- [Description of the task] When you reach the line with "MEMO: 結実して約3週間後の山桜の実の大きさを計ったもので、長さが 8.1" in the listing below, write out that line and every one after it exactly, and skip the pictures.

- [Exercise data]
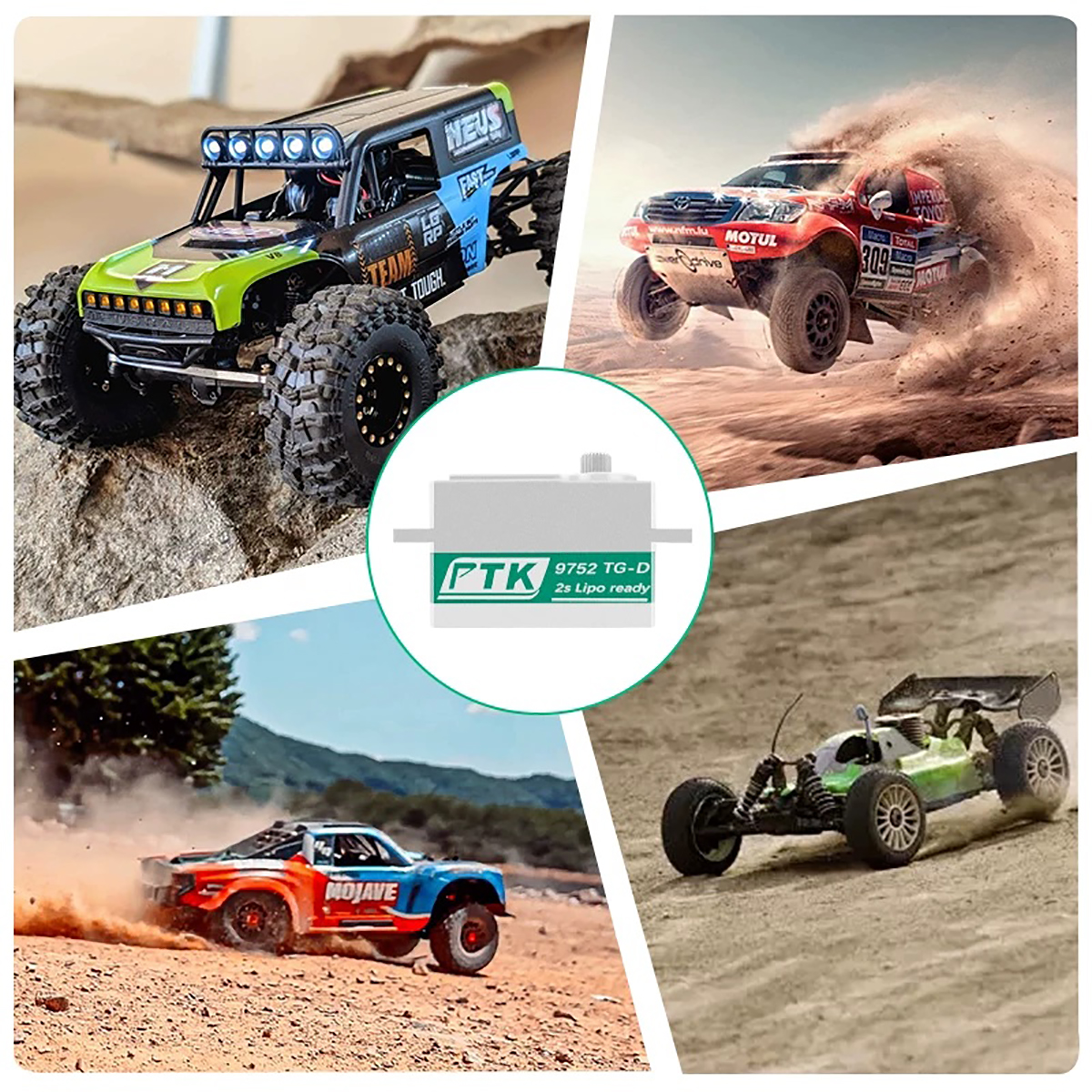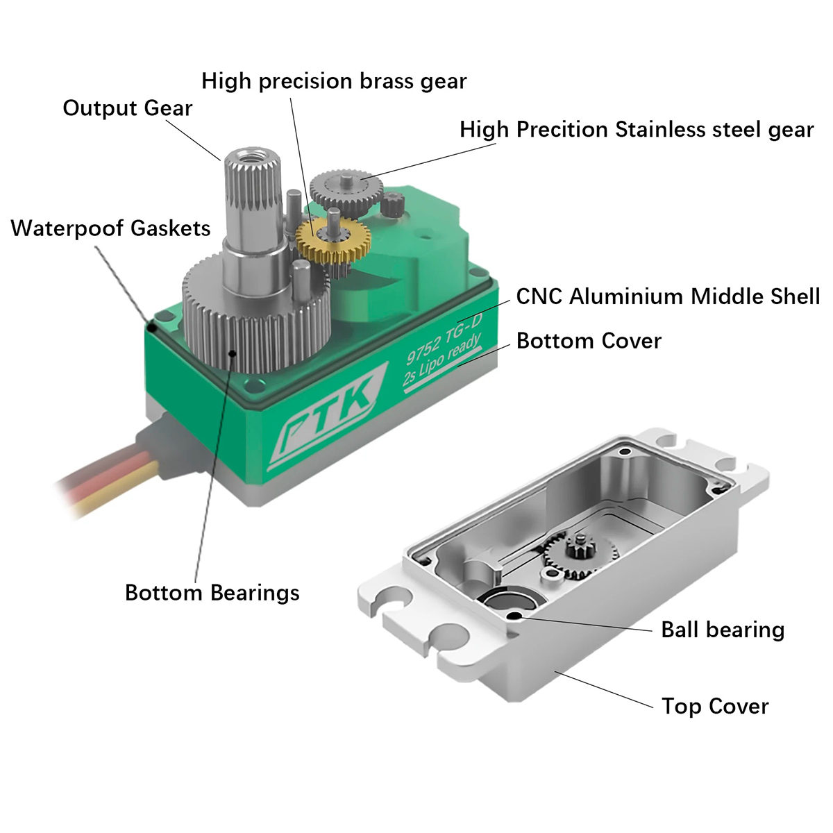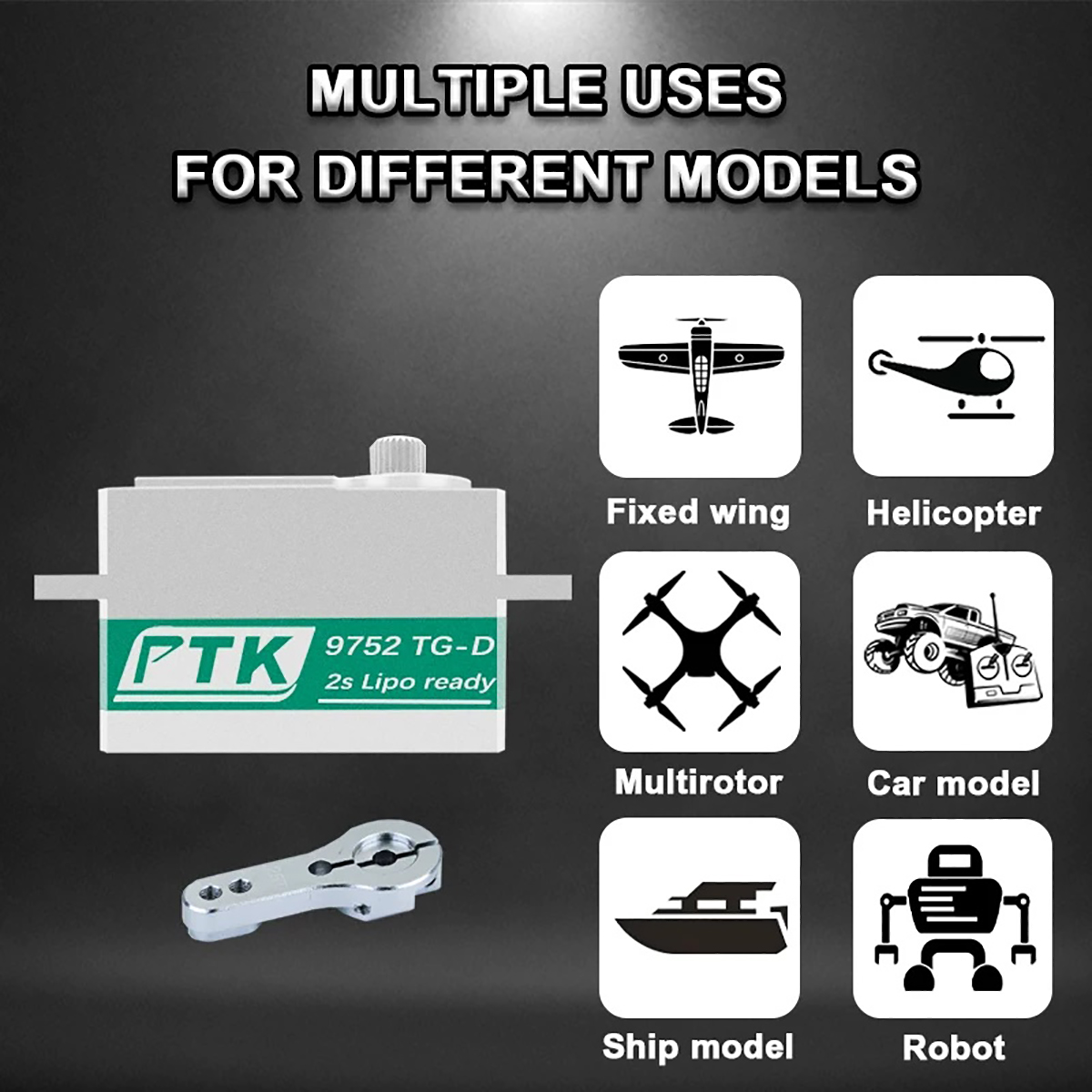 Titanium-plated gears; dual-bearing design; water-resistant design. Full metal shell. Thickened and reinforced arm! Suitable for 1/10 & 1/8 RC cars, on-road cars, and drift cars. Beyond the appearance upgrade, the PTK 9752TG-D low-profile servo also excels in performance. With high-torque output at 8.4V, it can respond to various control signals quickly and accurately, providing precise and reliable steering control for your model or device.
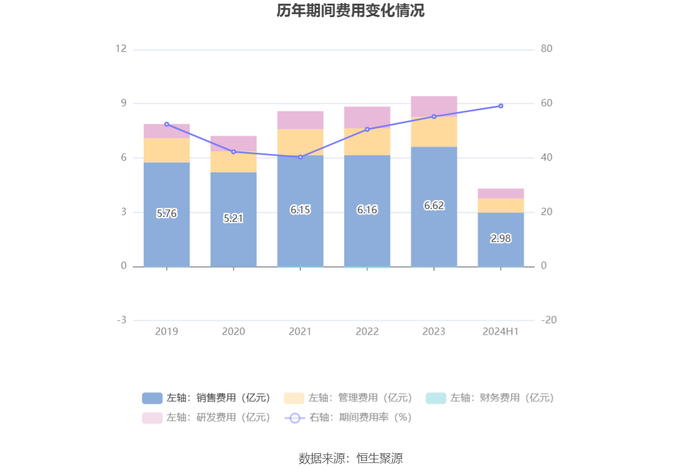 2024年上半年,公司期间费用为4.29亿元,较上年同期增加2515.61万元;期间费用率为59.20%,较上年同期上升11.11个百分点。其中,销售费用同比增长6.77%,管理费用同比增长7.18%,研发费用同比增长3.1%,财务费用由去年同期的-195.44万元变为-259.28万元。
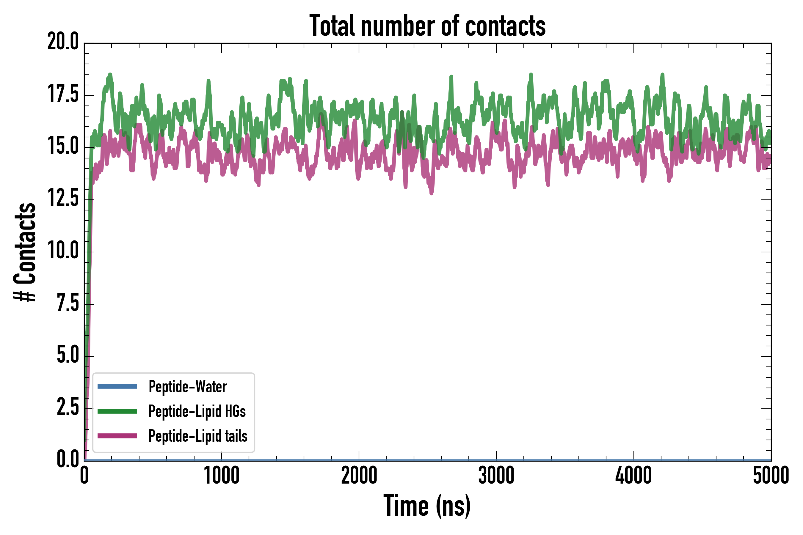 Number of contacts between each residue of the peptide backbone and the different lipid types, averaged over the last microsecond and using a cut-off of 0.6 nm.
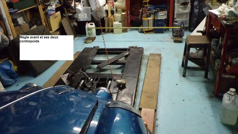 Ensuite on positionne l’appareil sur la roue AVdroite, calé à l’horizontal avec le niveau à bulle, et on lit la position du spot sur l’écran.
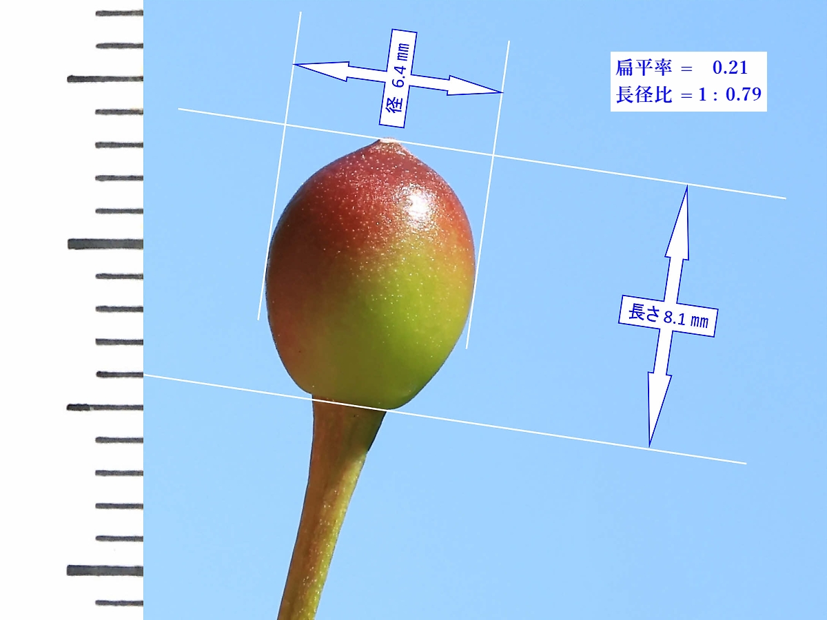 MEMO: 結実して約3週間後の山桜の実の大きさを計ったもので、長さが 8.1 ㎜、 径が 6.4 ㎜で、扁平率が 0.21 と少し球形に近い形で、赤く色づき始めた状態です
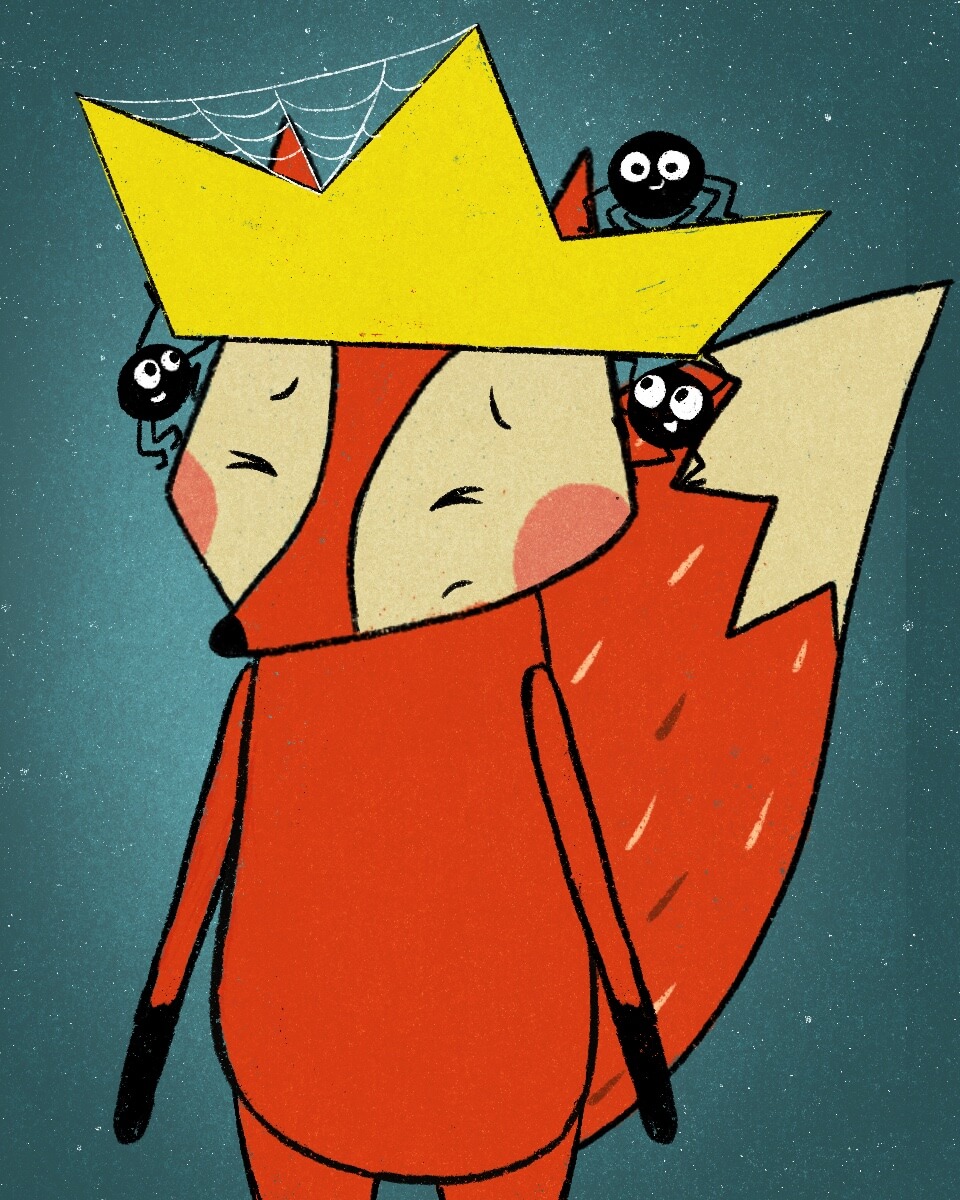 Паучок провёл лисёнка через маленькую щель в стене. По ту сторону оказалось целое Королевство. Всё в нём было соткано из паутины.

- [Result for this exercise]
 MEMO: 結実して約3週間後の山桜の実の大きさを計ったもので、長さが 8.1 ㎜、 径が 6.4 ㎜で、扁平率が 0.21 と少し球形に近い形で、赤く色づき始めた状態です
 Паучок провёл лисёнка через маленькую щель в стене. По ту сторону оказалось целое Королевство. Всё в нём было соткано из паутины.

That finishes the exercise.